Acute ethanol intake does not induce changes in RMT [21,22] or AMT [21], suggesting that ethanol does not modulate the excitability of the lowest threshold neurons in the primary motor cortex (M1). Furthermore, several studies demonstrate no effect of ethanol intake on MEPs [21,22,25]. However, it is not known if ethanol impacts the variability in MEPs.

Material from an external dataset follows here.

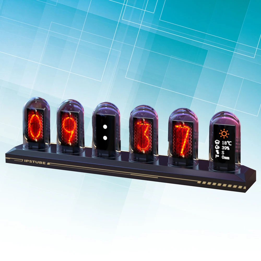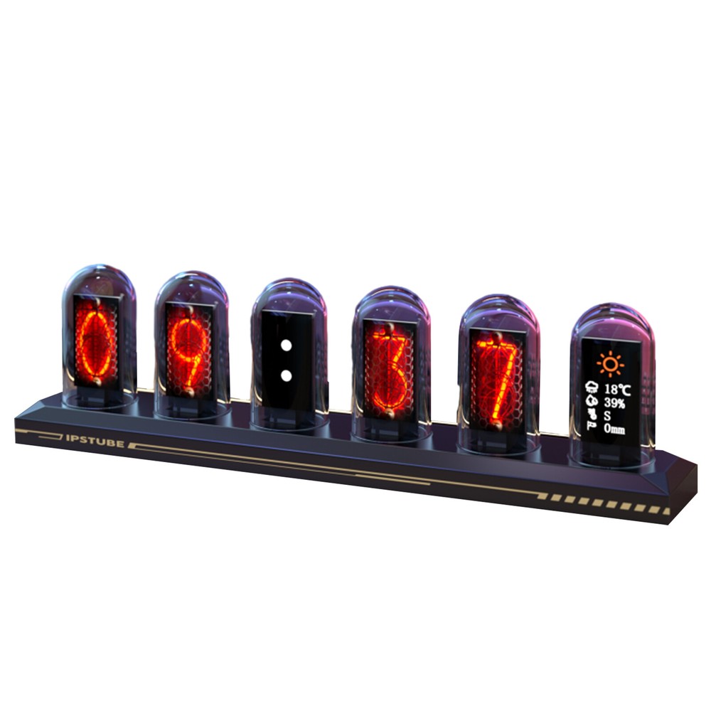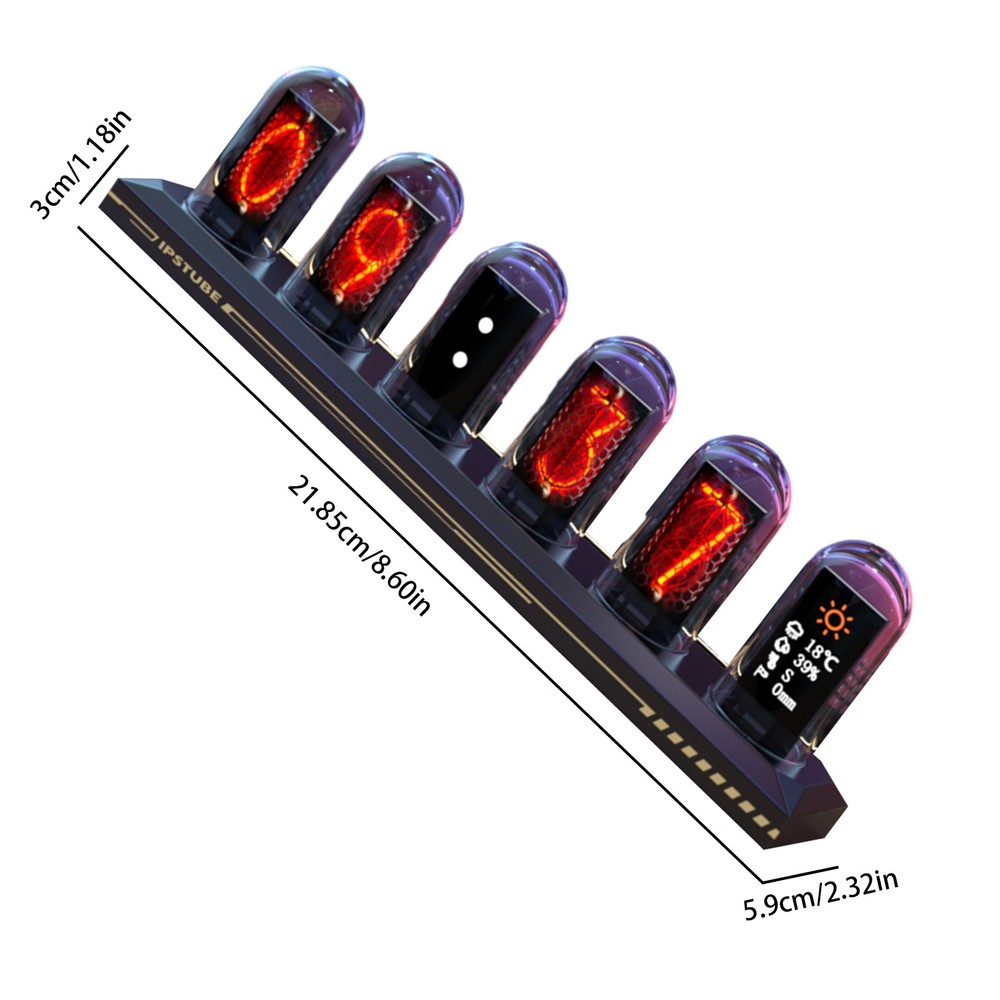 Product name IPS Nixie Tube Clock Material Aluminum alloy + glass Product size 218.5*59*36mm Rated input DC

The TMS findings from Ziemann et al. [21] reflect the consensus that acute alcohol intake facilitates GABAergic neurotransmission and reduces glutamatergic neurotransmission. A single dose of ethanol administered to healthy individuals increased SICI [21], suggesting an upregulation of GABAAR activity [33], and reduced ICF [21], suggesting a downregulation of NMDA receptor activity [33]. Further, ethanol increased the CSP [21,23], which may reflect an increase in GABAB receptor (GABABR) [33] and/or GABAAR activity [34]. Acute ethanol intake reduced the TMS-evoked N100 potential following stimulation of the dorsolateral prefrontal cortex (DLPFC) [25] and M1 [26]. The N100 potential is modulated by both baclofen (a GABABR agonist) and benzodiazepines (positive allosteric modulators of the GABAAR) [35]. Several studies suggest that upregulation of GABABR activity may serve as a homeostatic mechanism to regulate the sensitivity of GABAARs to ethanol [36,37,38]. Therefore, modulation of the N100 potential likely reflects the complex mechanisms through which ethanol exerts its pre-and postsynaptic effects via GABABRs and GABAARs, respectively. To our knowledge, no study has assessed the influence of alcohol intake on the amplitude of the N45 potential. However, given that the N45 potential is reflective of GABAAR activity similar to SICI [35], this may suggest that alcohol intake would reduce the N45 potential. Finally, SICF is reduced following ethanol consumption [22]. This suggests that ethanol exerts its effects at the level of I-wave generating interneurons, which are thought to be regulated by GABAergic mechanisms [39].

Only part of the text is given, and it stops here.